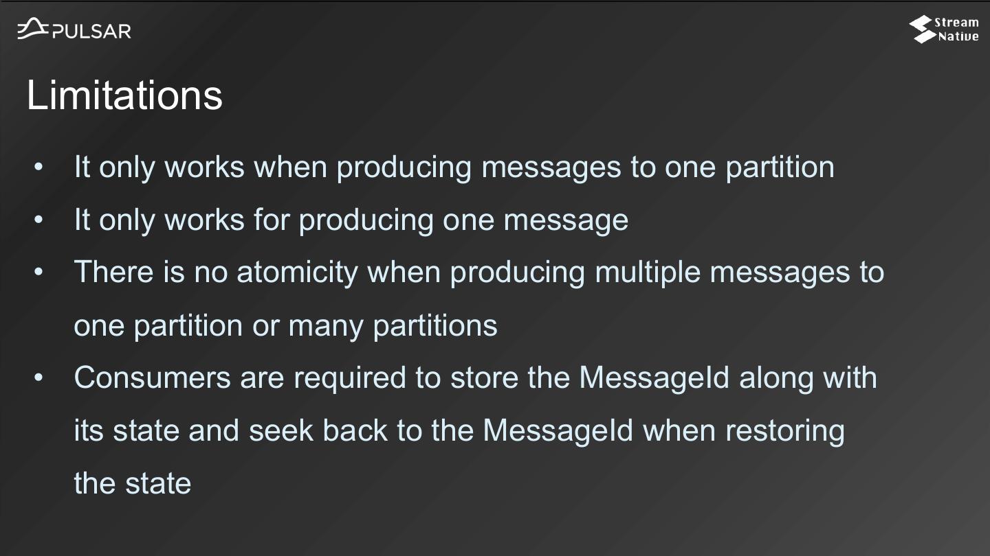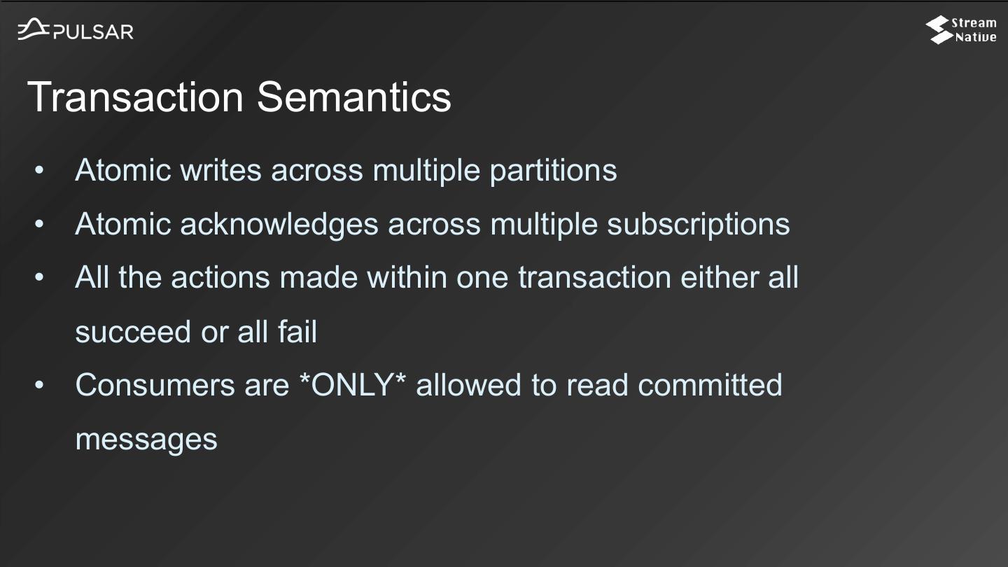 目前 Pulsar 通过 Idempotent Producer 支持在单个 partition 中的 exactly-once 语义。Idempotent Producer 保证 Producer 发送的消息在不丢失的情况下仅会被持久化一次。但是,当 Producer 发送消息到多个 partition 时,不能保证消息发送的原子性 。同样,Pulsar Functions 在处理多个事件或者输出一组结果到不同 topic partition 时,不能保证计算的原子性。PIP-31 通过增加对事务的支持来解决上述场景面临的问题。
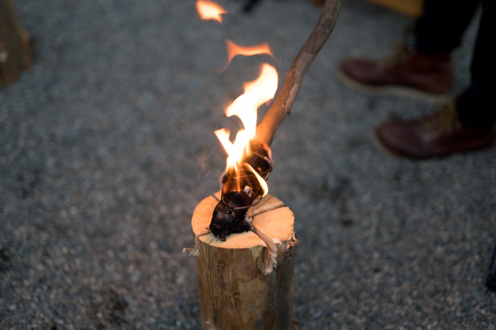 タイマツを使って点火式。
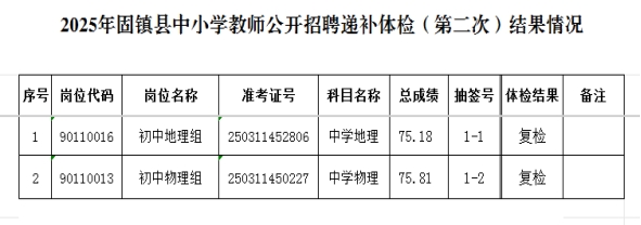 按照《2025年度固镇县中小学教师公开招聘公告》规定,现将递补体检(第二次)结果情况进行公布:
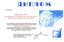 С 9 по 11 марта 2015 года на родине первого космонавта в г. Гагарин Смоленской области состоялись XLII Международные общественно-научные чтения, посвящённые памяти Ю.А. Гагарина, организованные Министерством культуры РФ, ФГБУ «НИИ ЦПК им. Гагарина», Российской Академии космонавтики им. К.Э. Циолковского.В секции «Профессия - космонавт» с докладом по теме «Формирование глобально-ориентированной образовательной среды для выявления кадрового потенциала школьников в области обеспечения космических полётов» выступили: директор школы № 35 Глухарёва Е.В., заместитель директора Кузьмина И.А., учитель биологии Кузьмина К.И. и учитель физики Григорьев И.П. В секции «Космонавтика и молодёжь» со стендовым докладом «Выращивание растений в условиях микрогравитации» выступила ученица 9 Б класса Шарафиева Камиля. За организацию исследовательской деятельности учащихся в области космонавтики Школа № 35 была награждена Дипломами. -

== REQUIRED WORK ==
Any picture in the material is to be left out, and everything else is to be retyped as is.

== REPLY ==
 目前 Pulsar 通过 Idempotent Producer 支持在单个 partition 中的 exactly-once 语义。Idempotent Producer 保证 Producer 发送的消息在不丢失的情况下仅会被持久化一次。但是,当 Producer 发送消息到多个 partition 时,不能保证消息发送的原子性 。同样,Pulsar Functions 在处理多个事件或者输出一组结果到不同 topic partition 时,不能保证计算的原子性。PIP-31 通过增加对事务的支持来解决上述场景面临的问题。
 タイマツを使って点火式。
 按照《2025年度固镇县中小学教师公开招聘公告》规定,现将递补体检(第二次)结果情况进行公布:
 С 9 по 11 марта 2015 года на родине первого космонавта в г. Гагарин Смоленской области состоялись XLII Международные общественно-научные чтения, посвящённые памяти Ю.А. Гагарина, организованные Министерством культуры РФ, ФГБУ «НИИ ЦПК им. Гагарина», Российской Академии космонавтики им. К.Э. Циолковского.В секции «Профессия - космонавт» с докладом по теме «Формирование глобально-ориентированной образовательной среды для выявления кадрового потенциала школьников в области обеспечения космических полётов» выступили: директор школы № 35 Глухарёва Е.В., заместитель директора Кузьмина И.А., учитель биологии Кузьмина К.И. и учитель физики Григорьев И.П. В секции «Космонавтика и молодёжь» со стендовым докладом «Выращивание растений в условиях микрогравитации» выступила ученица 9 Б класса Шарафиева Камиля. За организацию исследовательской деятельности учащихся в области космонавтики Школа № 35 была награждена Дипломами. -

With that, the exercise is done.